With this in mind let’s consider technology as an agent of change. Does change in business begin with technology?
Should it? How much can technology change company culture? These are big questions, the answers to which, I
believe, could fundamentally shift our thinking, as it has in several industries that have already been tipped on their
head. We set Chris Bell on the case to find out more (p12).
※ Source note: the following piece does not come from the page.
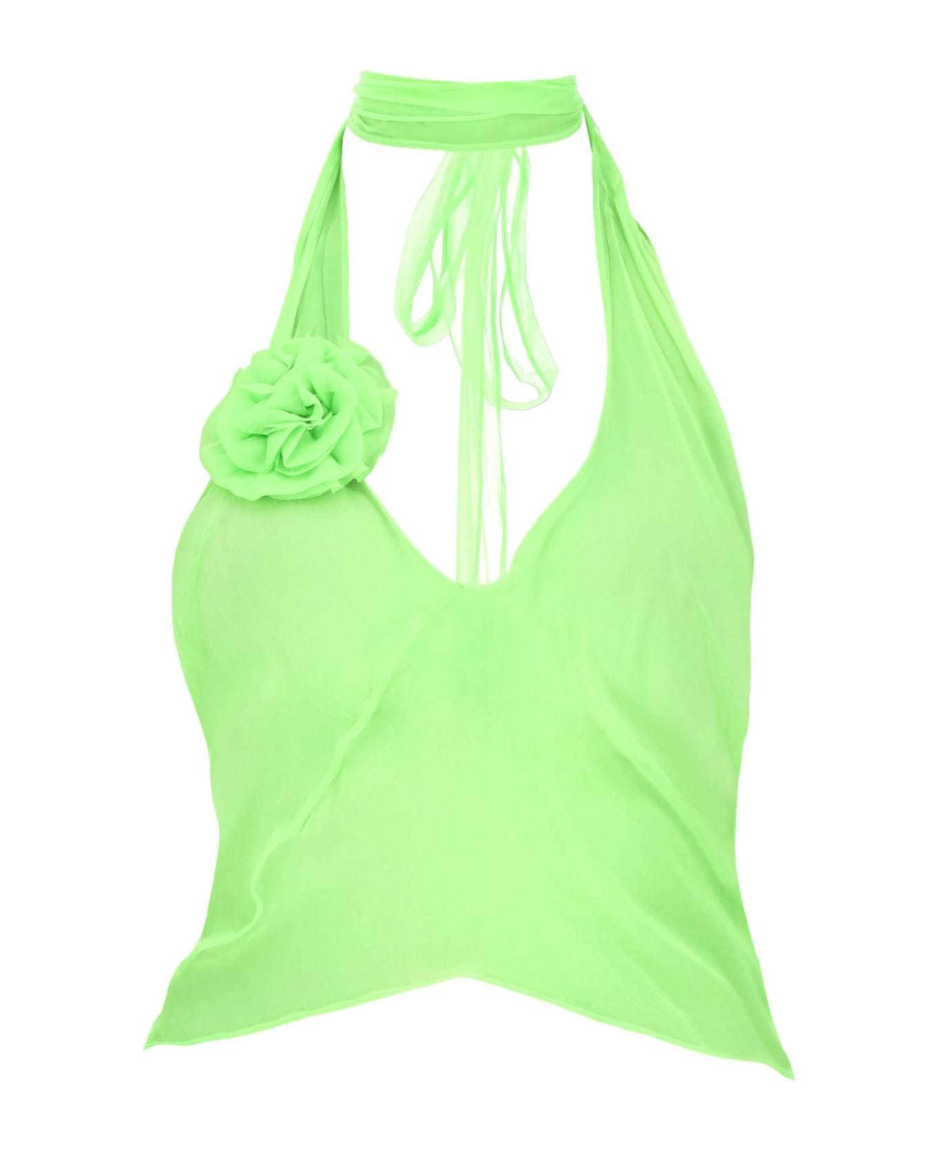 Saks Potts top in sheer silk organza, featuring a halter neckline with long straps to tie at neck. Enriched by a matching 3D floral detachable detail and finished with side invisible zip fastening. Loose fit. The model is 177 cm tall and wears a size XS.

With such transformational potential, it’s easy to see the allure of technology stocks, particularly as gilded stories
of mega-billion tech successes get highlighted in global media. But we have been caught in this trap before, surely
this time fundamentals will prevail? Beverley Head takes a critical look at the business of capitalising technology
companies down under (p48).
Manufacturing is one industry that embraced the use of technology early as a matter of survival in the face of
globalisation and dwindling margins. We asked Anthony Doesburg to find out what the retail industry can learn
from manufacturing (p26). We also have a number of case studies that demonstrate technology delivering positive
outcomes by transforming business processes and even creating new business models.
Amongst the maelstrom of innovation and change is the CIO. It’s easy to think they should be at the centre of it, but
the statistics show that CIOs are increasingly being pushed to the side and divested of power. I investigated whether
the CIO is long for this earth and will admit to being surprised by some of what I discovered (p54).
In the words of Ben Kepes (p17) it’s “goodbye status quo” – there’s a lot of potential out there, but it’s up to you to throw
off the shackles of the old and implement the new.
It feels a little like we’re about to land on the moon. Again.